◆ INPUT ◆
++++++
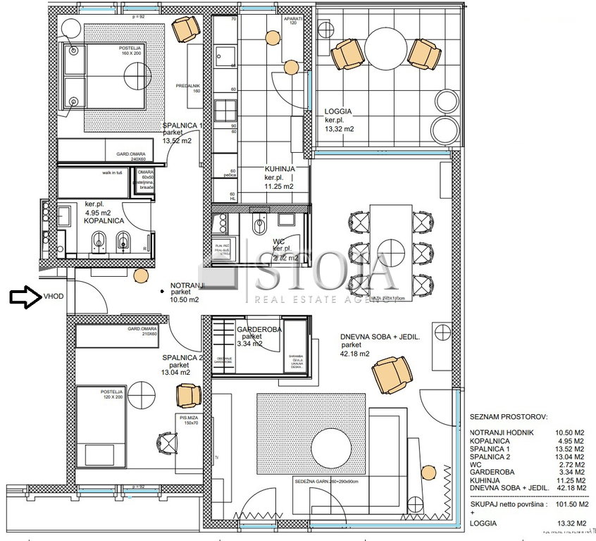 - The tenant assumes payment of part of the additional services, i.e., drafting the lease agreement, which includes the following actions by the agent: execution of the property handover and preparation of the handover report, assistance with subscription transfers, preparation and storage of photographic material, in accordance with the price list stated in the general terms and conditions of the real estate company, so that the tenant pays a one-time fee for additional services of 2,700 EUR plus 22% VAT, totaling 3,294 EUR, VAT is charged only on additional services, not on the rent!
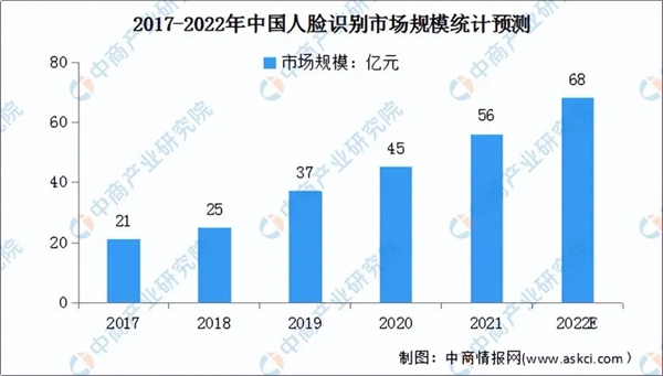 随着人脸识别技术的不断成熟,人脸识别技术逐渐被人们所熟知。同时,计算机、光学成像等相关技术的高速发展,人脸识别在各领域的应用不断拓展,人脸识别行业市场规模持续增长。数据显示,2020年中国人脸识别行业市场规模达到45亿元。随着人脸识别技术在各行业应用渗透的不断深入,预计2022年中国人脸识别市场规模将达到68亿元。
++++++
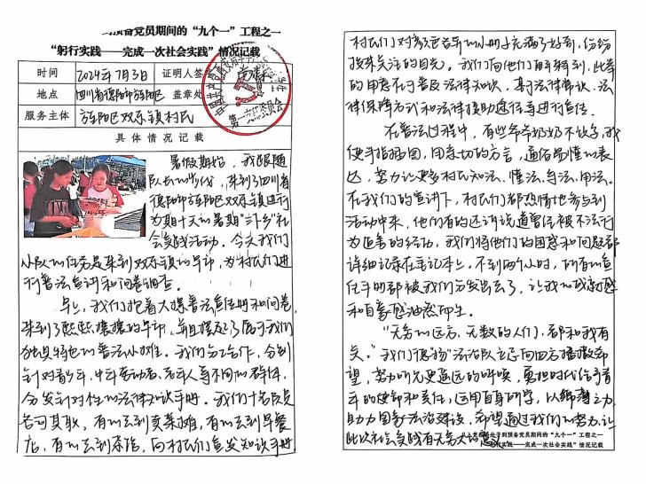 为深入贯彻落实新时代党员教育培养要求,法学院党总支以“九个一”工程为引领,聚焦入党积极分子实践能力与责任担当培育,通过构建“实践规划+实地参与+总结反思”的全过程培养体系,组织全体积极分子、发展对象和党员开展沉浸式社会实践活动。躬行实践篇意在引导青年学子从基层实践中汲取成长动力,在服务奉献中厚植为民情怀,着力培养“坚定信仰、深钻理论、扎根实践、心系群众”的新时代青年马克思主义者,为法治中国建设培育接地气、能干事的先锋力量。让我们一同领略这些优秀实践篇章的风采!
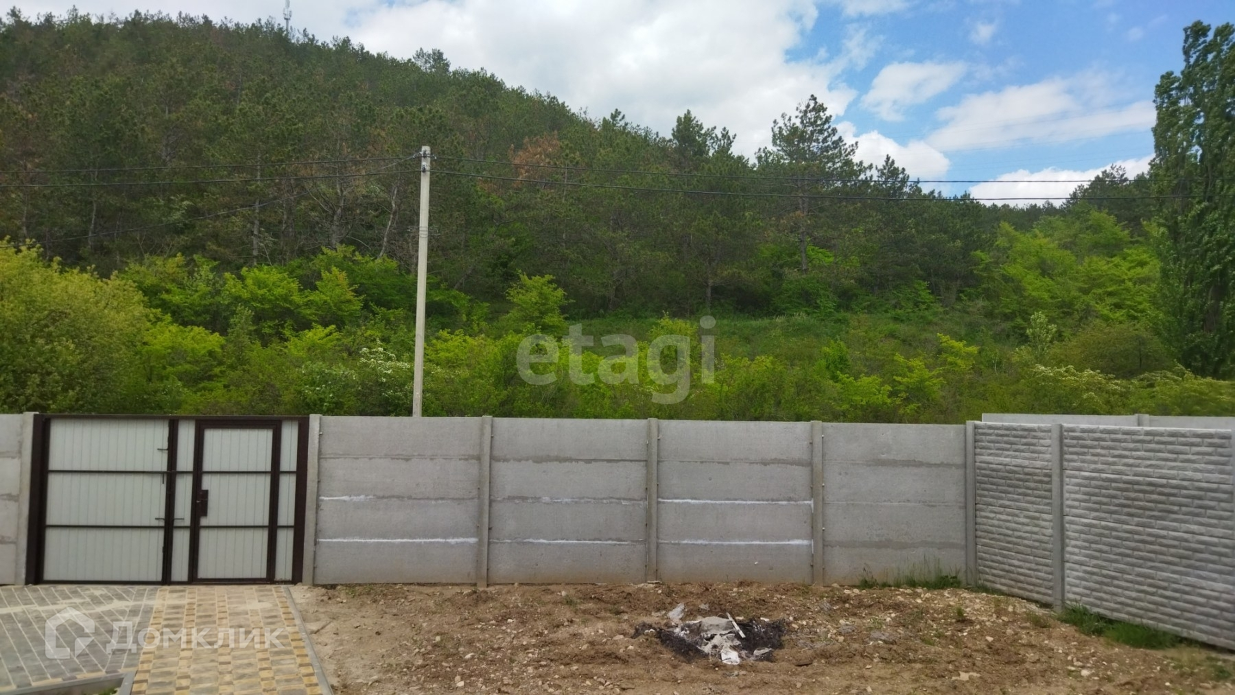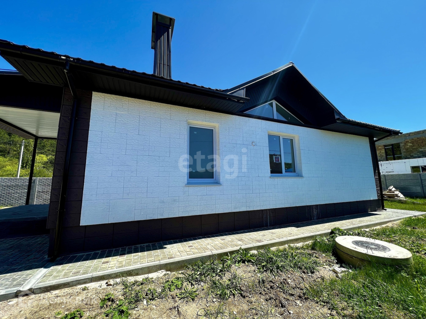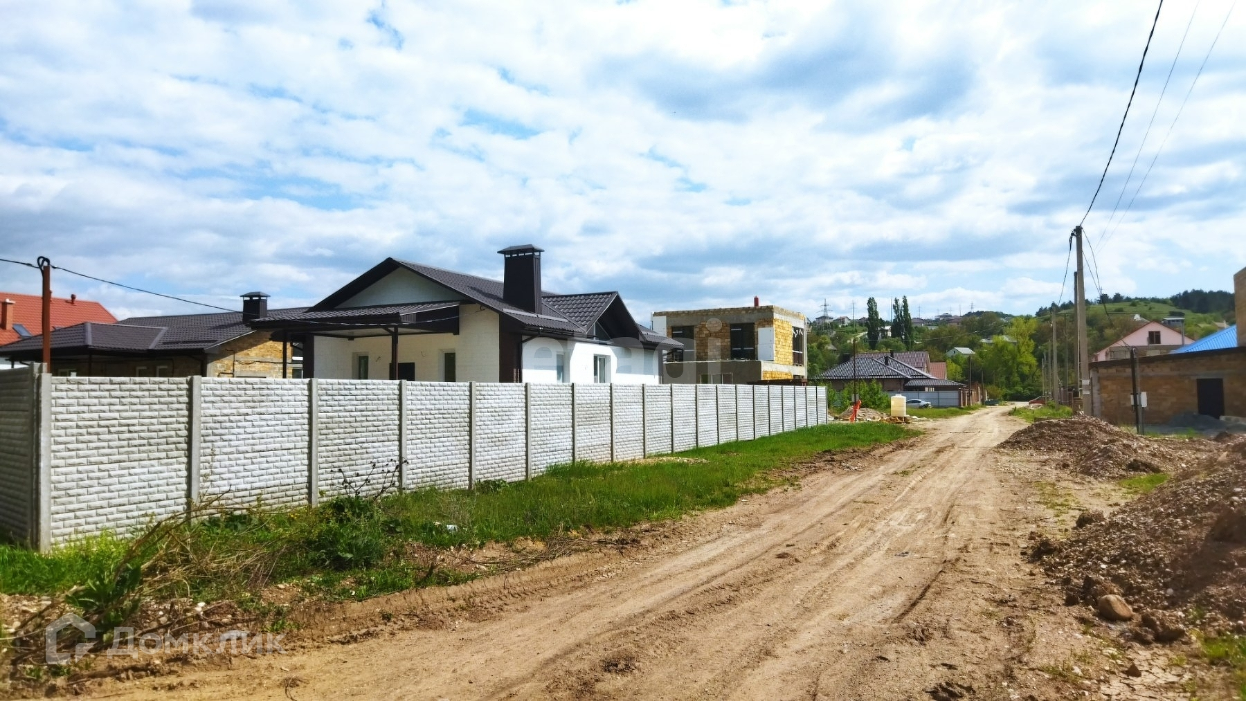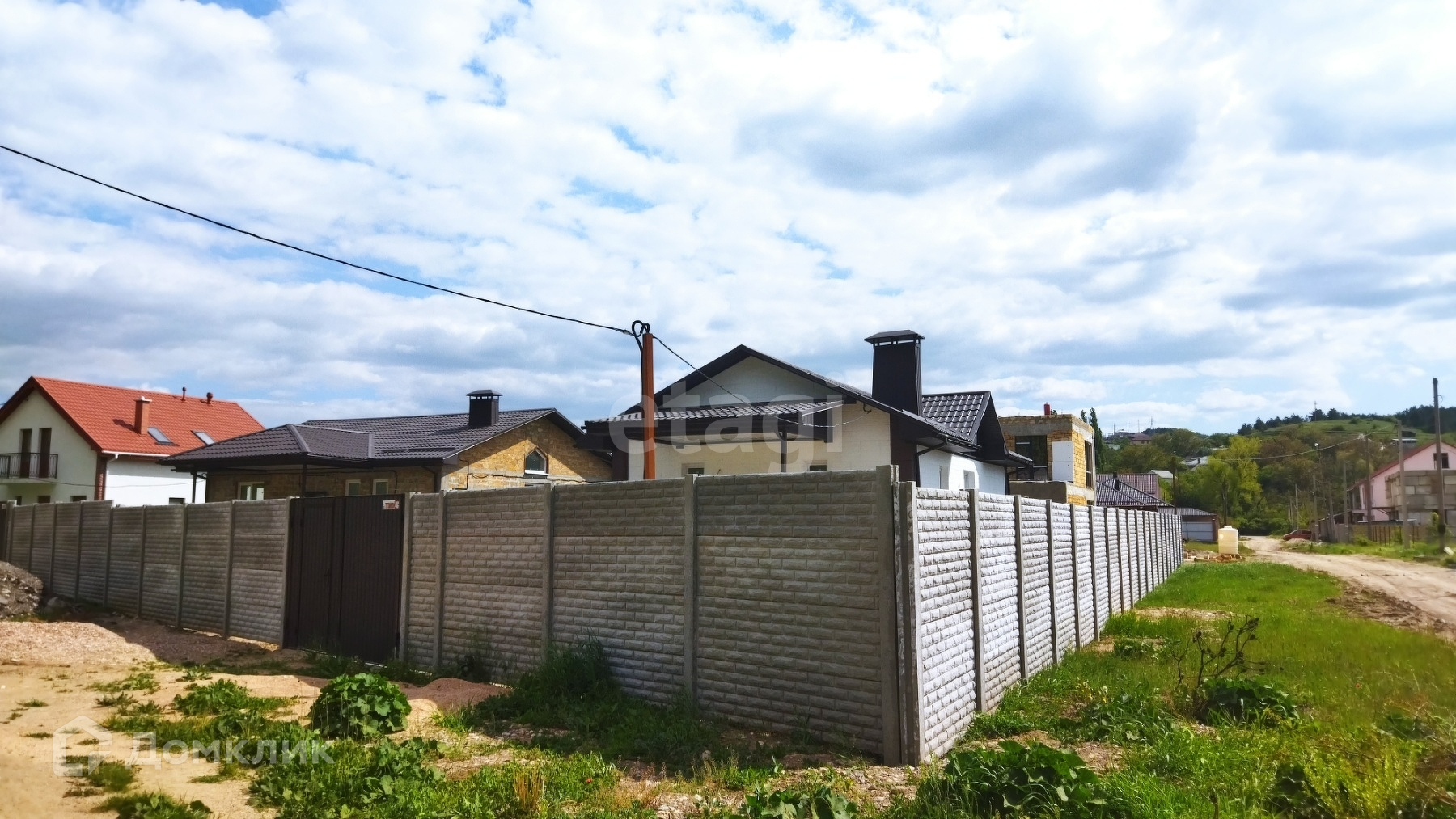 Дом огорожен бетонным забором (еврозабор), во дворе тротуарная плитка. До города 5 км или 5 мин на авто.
++++++
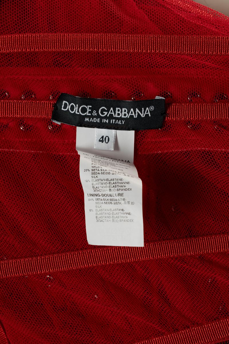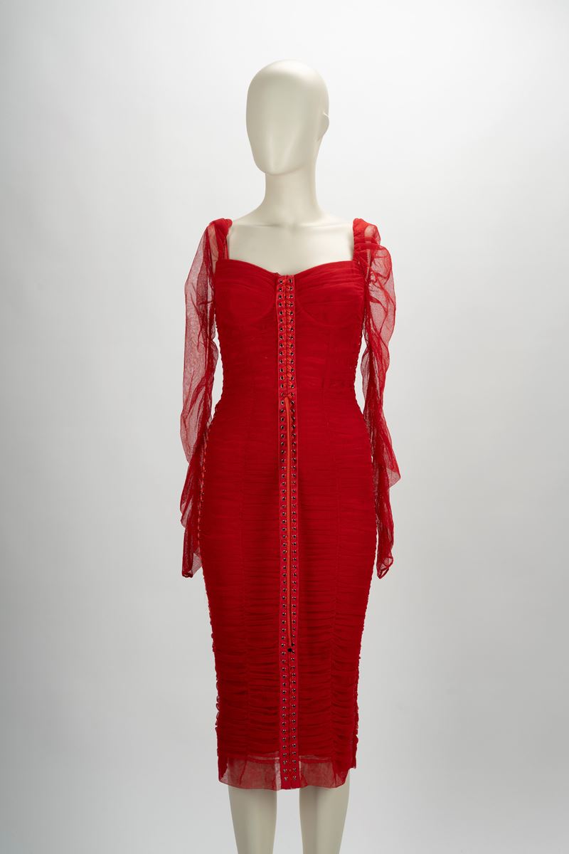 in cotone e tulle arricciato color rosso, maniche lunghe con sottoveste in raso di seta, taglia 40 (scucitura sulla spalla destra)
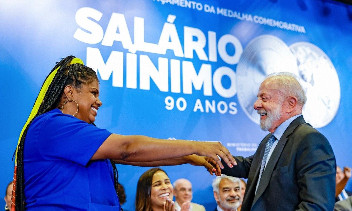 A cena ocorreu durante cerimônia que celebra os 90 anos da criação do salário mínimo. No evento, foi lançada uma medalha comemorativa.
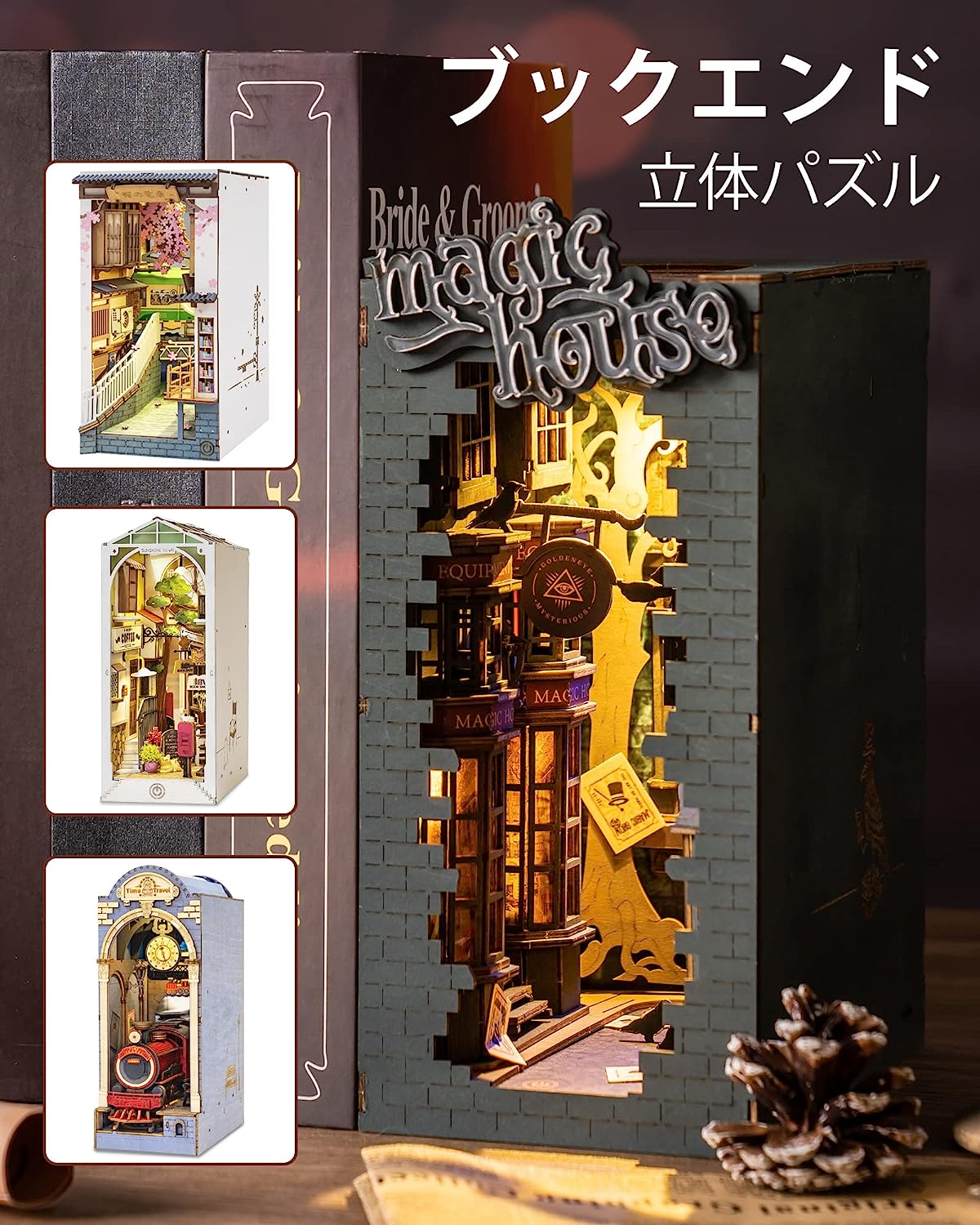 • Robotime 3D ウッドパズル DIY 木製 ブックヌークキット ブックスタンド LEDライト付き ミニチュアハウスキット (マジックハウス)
++++++
◆ DIRECTIONS ◆
Here the job is to copy the listing above word for word, starting at the line with "A cena ocorreu" and ending at the line with "LEDライト付き ミニチュアハウスキット (マジックハウス)", and to leave out the pictures.

◆ SOLUTION ◆
 A cena ocorreu durante cerimônia que celebra os 90 anos da criação do salário mínimo. No evento, foi lançada uma medalha comemorativa.
 • Robotime 3D ウッドパズル DIY 木製 ブックヌークキット ブックスタンド LEDライト付き ミニチュアハウスキット (マジックハウス)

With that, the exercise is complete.